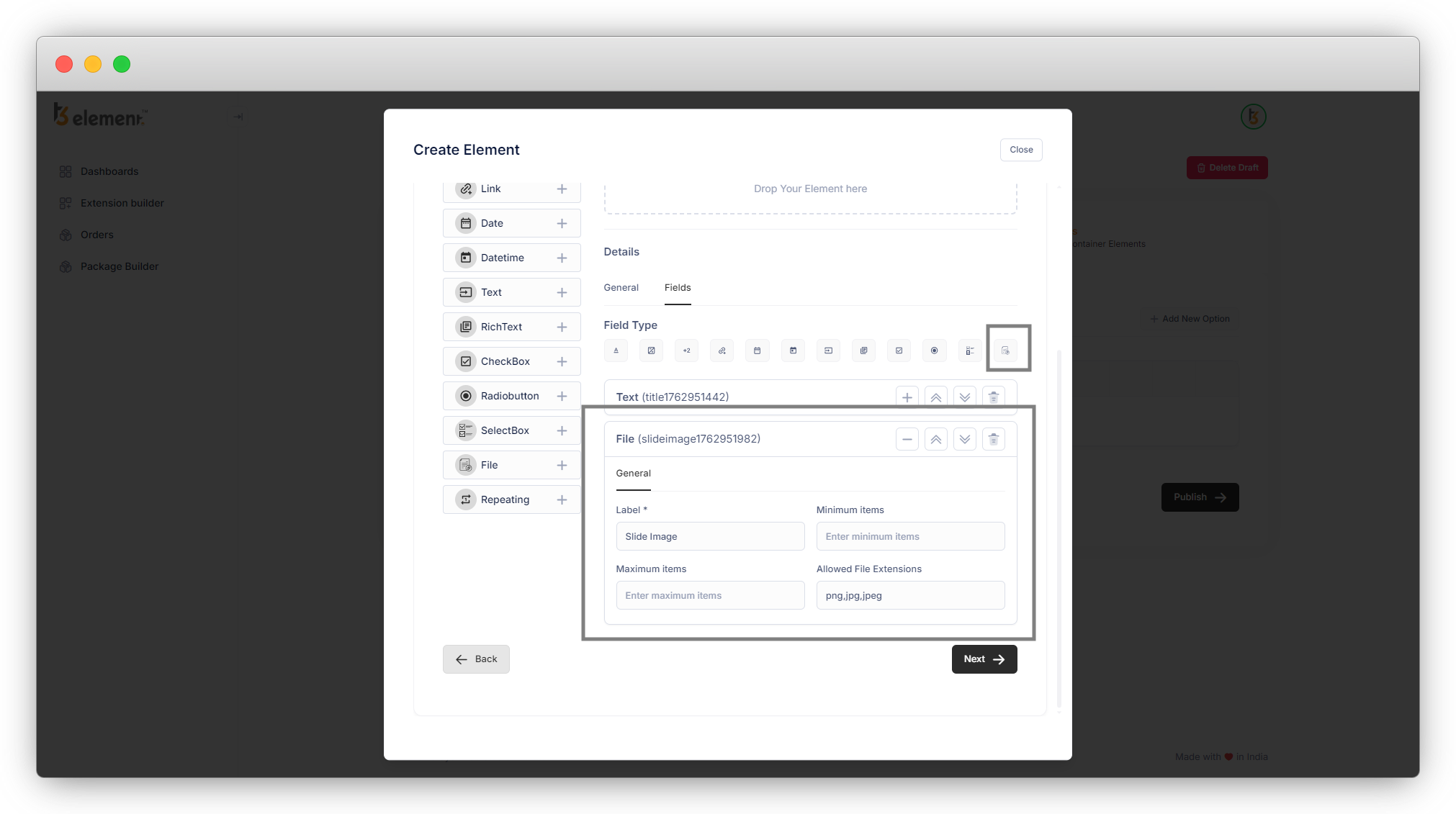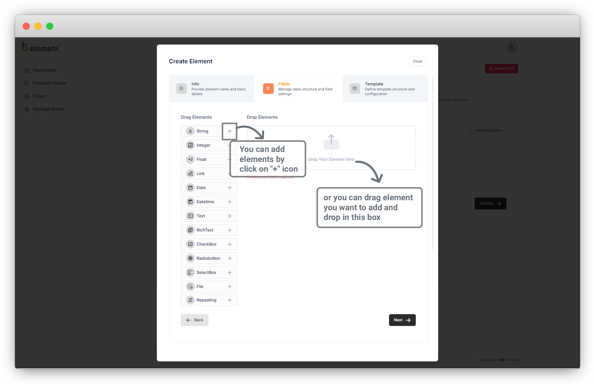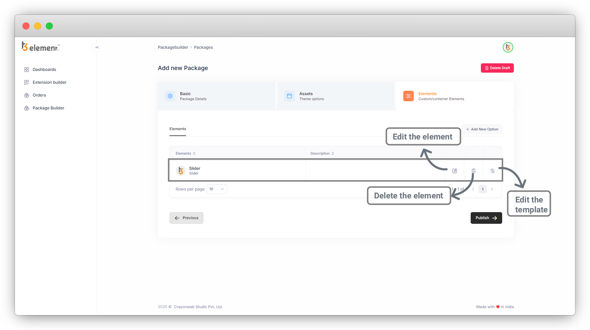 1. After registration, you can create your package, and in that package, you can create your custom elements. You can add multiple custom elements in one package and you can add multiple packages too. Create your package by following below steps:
--
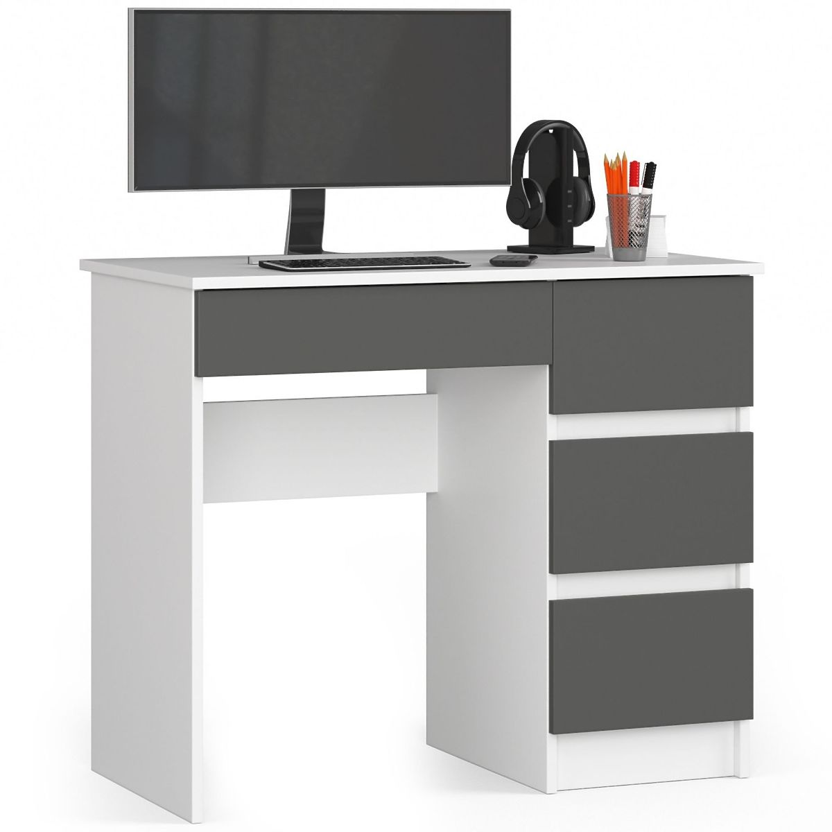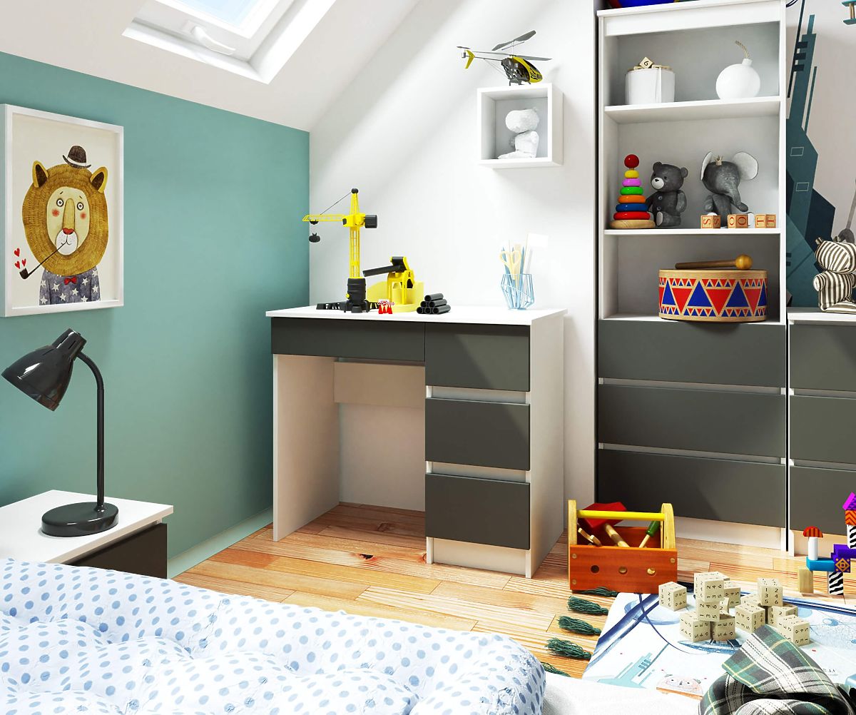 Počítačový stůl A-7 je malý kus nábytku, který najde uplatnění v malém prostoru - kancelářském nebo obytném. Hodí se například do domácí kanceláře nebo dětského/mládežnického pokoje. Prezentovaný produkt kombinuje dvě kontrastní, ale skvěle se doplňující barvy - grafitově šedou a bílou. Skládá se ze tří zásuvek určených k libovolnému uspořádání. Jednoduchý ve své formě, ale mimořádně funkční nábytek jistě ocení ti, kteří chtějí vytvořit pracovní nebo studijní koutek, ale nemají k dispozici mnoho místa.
==
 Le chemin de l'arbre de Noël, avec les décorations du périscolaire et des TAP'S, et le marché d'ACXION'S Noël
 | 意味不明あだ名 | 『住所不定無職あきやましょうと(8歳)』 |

> _Task to complete_: Print exactly the lines above from the one with "Le chemin de" to the one with "意味不明あだ名 | 『住所不定無職あきやましょうと(8歳)』 |", including both.

> _Answer section_:
 Le chemin de l'arbre de Noël, avec les décorations du périscolaire et des TAP'S, et le marché d'ACXION'S Noël
 | 意味不明あだ名 | 『住所不定無職あきやましょうと(8歳)』 |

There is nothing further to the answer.